Energy Mismanagement and Burnout

  • Considerations from a Functional Nutrition lens:

    • Looking at their diet, are there any nutritional deficiencies (ie: B vitamins, magnesium, omega-3s, iron)?

    • Does the person eat 30+ plant foods per week?

    • Are blood sugar levels stable throughout the day, or are there spikes/crashes contributing to fatigue?

    • Is there chronic inflammation, impaired detoxification, or poor mitochondrial function?

    • How is their sleep—both quantity and quality?

    • Is their exercise routine supporting or depleting them? (Too intense? Not enough recovery? No movement at all?)

    • Is caffeine use masking deeper fatigue?

 

  • Considerations from a Human Design lens:

    • What is the person’s Type and how are they using or misusing their energy?

    • Does the undefined or open Sacral Center know when enough is enough?

    • Are there channels or gates in the chart that suggest pressure (ie: from the Head or Root) or a drive to prove, please, or keep up (ie: undefined Ego, undefined G)?

    • How is their Root Center operating? Does the person need adrenal support?

    • Does the person have aspects in their chart that point to really needing to prioritize alone time, self-care, privacy, emotional decompression? Does conditioning prevent that?

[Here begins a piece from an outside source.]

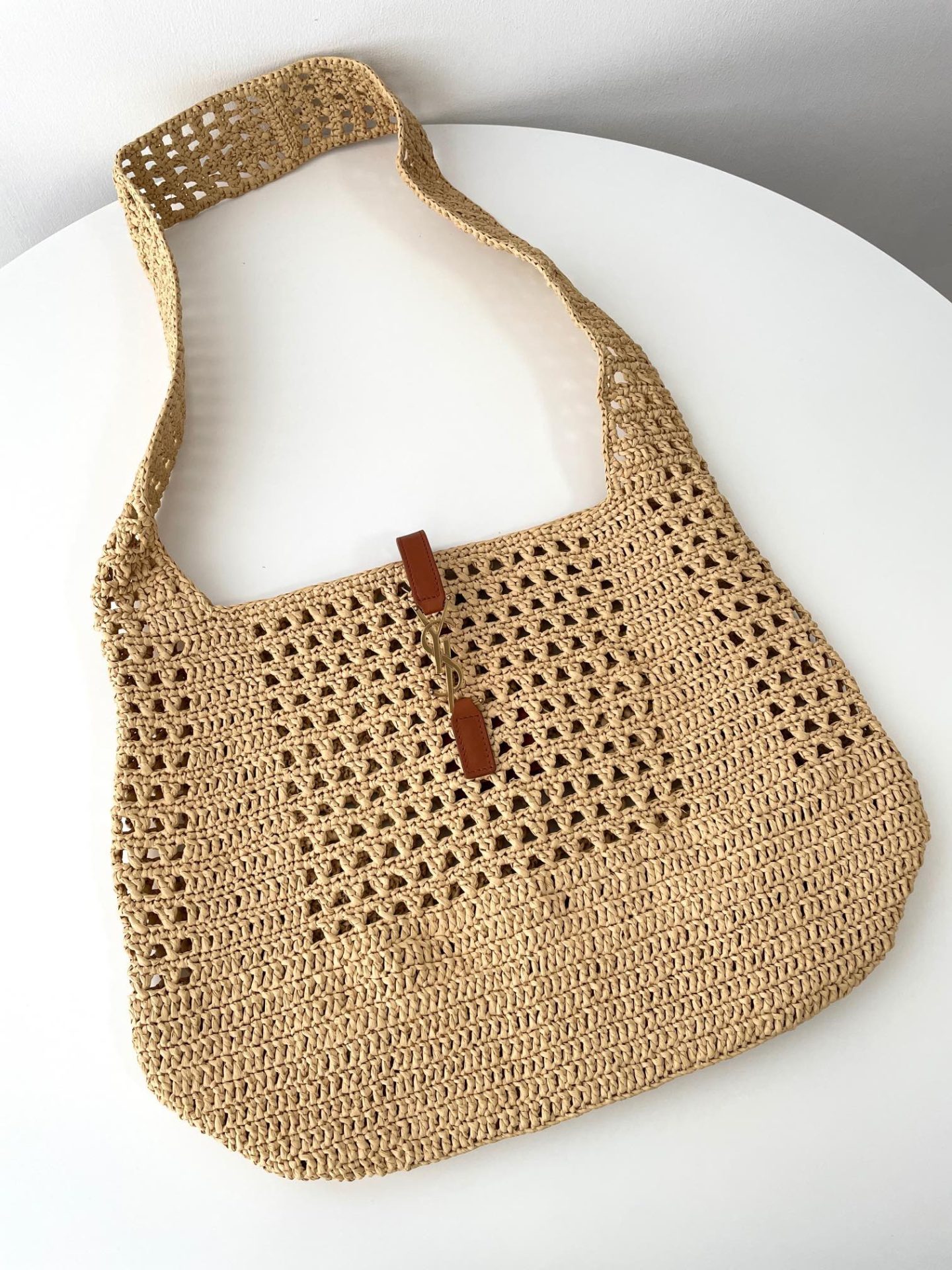 Saint Laurent Hobo Raffia Bag in Crochet and Smooth Leather Naturel 생로랑 호보 라피아 백 크로쉐 스무스 레더 내츄럴Contact(KAKAO TALK)(ZALO CHAT)

    • From where in the body graph is their energy being leaked?

    • Are they honoring their Strategy and Authority or living from their mind?

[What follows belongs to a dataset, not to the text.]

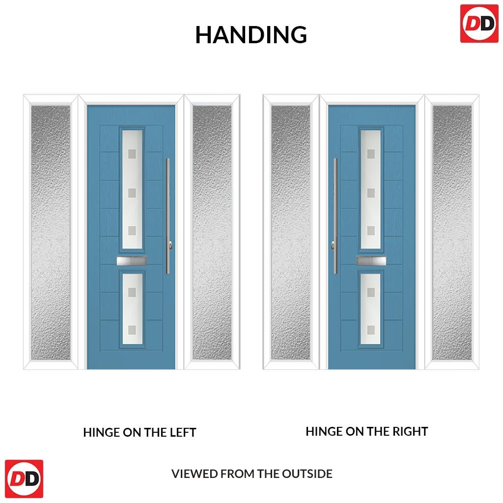 Debonaire 2 Urban Style Composite Front Door Set with Double Side Screen - Central Sandblast Ellie Glass - Shown in Pastel Blue

    • Is their movement aligned with their design? (ie: are they forcing intense workouts when their body thrives on gentler activity, or avoiding movement when it would help energy flow?)

 

Weight Loss and Metabolism

  • Considerations from a Functional Nutrition lens:

    • If wearing a Continuous Glucose Monitor (CGM), what are the person’s blood sugar patterns?

    • What are the person’s thyroid labs?

    • What could be causing inflammation (ie: diet, environmental toxins, food sensitivities)?

    • Where is the client in her menstrual cycle? This influences hormones, energy, cravings, blood sugar sensitivities, and nutrition needs.

    • What’s the quality and quantity of the person’s sleep?

    • Are they under-eating or chronically restricting, which may be downregulating their metabolism?

    • Is their gut health (ie: microbiome diversity, digestive efficiency) supporting or impairing metabolic function?

    • Are they consuming enough protein, fiber, and healthy fats to support thermogenesis and satiety?

    • What’s their movement pattern like (ie: are they overtraining, sedentary, or missing recovery)?

 

  • Considerations from a Human Design lens:

    • How might a conditioned mindset, beliefs, and ideals prevent sustained weight loss?

    • Are there any unsupportive patterns tied to conditioning?

    • Is emotional stress linked to overeating or food control patterns?

    • Is cortisol a contributing factor to weight gain?

    • What is their Authority, and are they making food and lifestyle decisions from that place or from the mind?

    • How does the person’s definition (centers, channels, or gates) influence their relationship with food, willpower, self-worth, rest, etc.?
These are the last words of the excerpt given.